Arrow Flight is a general-purpose client-server framework for high-performance transport of large datasets over network interfaces. Built on top of gRPC and the Arrow columnar format, Flight enables efficient data transfer with minimal serialization overhead.
Overview
Flight provides a set of RPC methods for:
- Data retrieval: Download datasets from a server (DoGet)
- Data upload: Upload datasets to a server (DoPut)
- Bidirectional streaming: Exchange data in both directions (DoExchange)
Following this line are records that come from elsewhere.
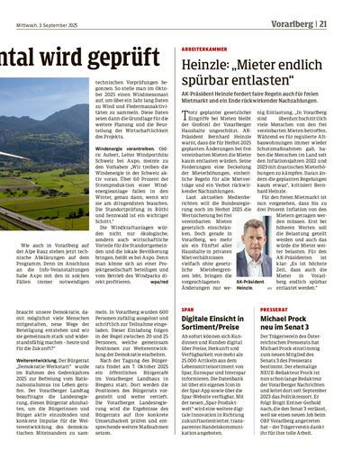 AK-Präsident Heinzle fordert faire Regeln auch für freien Mietmarkt und ein Ende rückwirkender Nachzahlungen.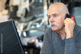 senior man using mobile phone while looking documents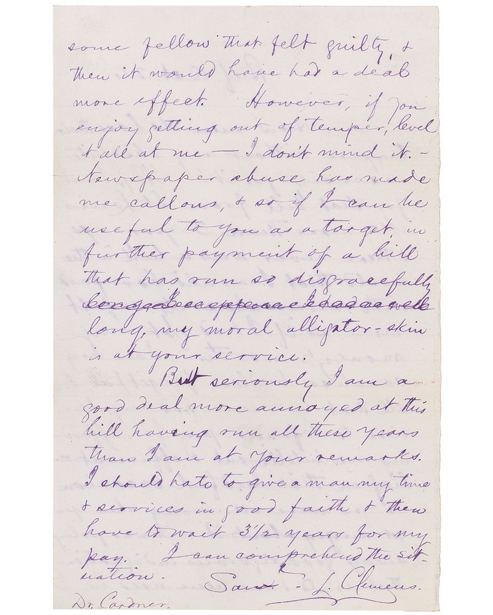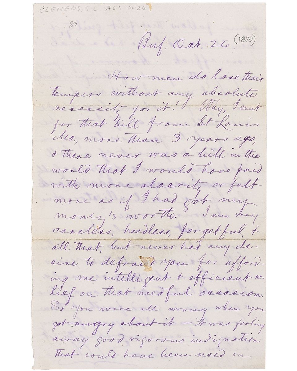 ALS signed “Sam’l L. Clemens,” one page, lightly-lined both sides, 5 x 7.75, October 26, 1870. Letter to Dr. Cardener. In full: “How men do lose their tempers without any absolute necessity for it! Why, I send for that bill for St. Louis Mo., more than 3 years ago, & there never was a bill in the world that I would have paid with more alacrity or felt more as if I had got my money's worth. I am very careless, heedless, forgetful, & all that, but never had any desire to defraud you from affording me intelligent & efficient relief on that needful occasion. So you were all wrong when you got angry about it—it was fooling away good vigorous indignation that could have been used on some fellow that felt guilty, & then it would have had a deal more effect. However, if you enjoy getting out of temper, level it all at me—I don't mind it. Newspaper abuse has made me callous, & so if I can be useful to you as a target, in further payment of a bill that has run so disgracefully long, my moral alligator-skin is at your service. But seriously I am a good deal more annoyed at this bill having run all these years than I am at your remarks. I should hate to give a man my time & services in good faith & then have to wait 3 1/2 years for my pay. I can comprehend the situation.” A couple pencil notations to top, some light toning along folds on front of letter, and a small spot to one word of text, otherwise fine condition. A very direct and poignant letter from the perturbed Clemens.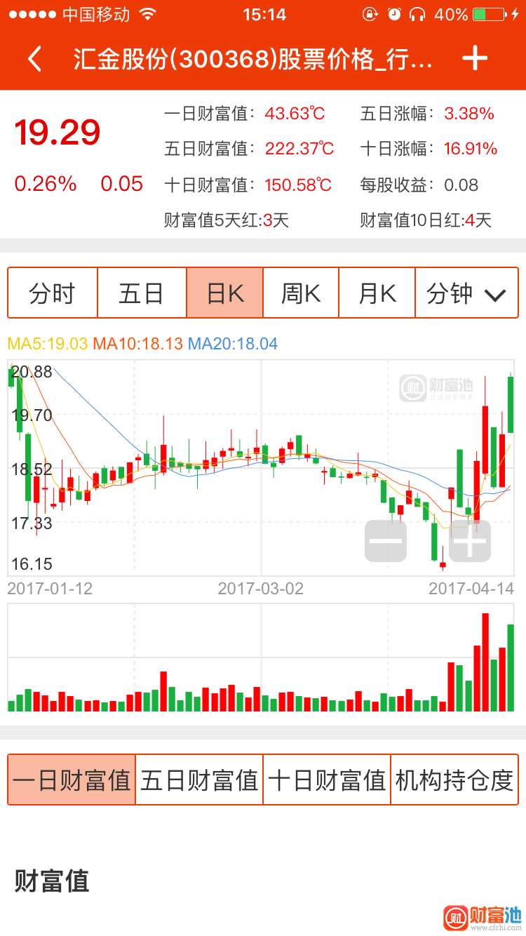 2017-04-13 财富池结合长上影选出汉威电子,14日早盘开盘竞价介入,收盘涨幅1.78%个点,盈利1.7%左右;

- Metadata operations: List available datasets, get schemas, execute actions
- Authentication: Secure connections with multiple auth mechanisms
Core Concepts
FlightDescriptor
A FlightDescriptor identifies a dataset or command:
message FlightDescriptor {
enum DescriptorType {
PATH = 1; // Named dataset path
CMD = 2; // Opaque command
}
DescriptorType type = 1;
bytes cmd = 2;
repeated string path = 3;
}
FlightInfo
FlightInfo describes how to access a dataset, including endpoints and schema:
message FlightInfo {
bytes schema = 1;
FlightDescriptor flight_descriptor = 2;
repeated FlightEndpoint endpoint = 3;
int64 total_records = 4;
int64 total_bytes = 5;
}
FlightEndpoint
FlightEndpoint specifies where to retrieve data:
message FlightEndpoint {
Ticket ticket = 1;
repeated Location location = 2;
google.protobuf.Timestamp expiration_time = 3;
}
Client Usage
#include <arrow/flight/client.h>
#include <arrow/flight/types.h>
using namespace arrow;
using namespace arrow::flight;
// Connect to Flight server
ARROW_ASSIGN_OR_RAISE(auto location,
Location::ForGrpcTcp("localhost", 8815));
ARROW_ASSIGN_OR_RAISE(auto client,
FlightClient::Connect(location));
// Get dataset information
FlightDescriptor descriptor;
descriptor.type = FlightDescriptor::PATH;
descriptor.path = {"dataset", "table1"};
ARROW_ASSIGN_OR_RAISE(auto info,
client->GetFlightInfo(descriptor));
// Retrieve data from the first endpoint
auto endpoint = info->endpoints()[0];
ARROW_ASSIGN_OR_RAISE(auto stream,
client->DoGet(endpoint.ticket));
// Read all batches
ARROW_ASSIGN_OR_RAISE(auto table,
stream->ToTable());
std::cout << "Rows: " << table->num_rows() << std::endl;
import pyarrow as pa
import pyarrow.flight as flight
# Connect to Flight server
client = flight.FlightClient(("localhost", 8815))
# Get dataset information
descriptor = flight.FlightDescriptor.for_path("dataset", "table1")
info = client.get_flight_info(descriptor)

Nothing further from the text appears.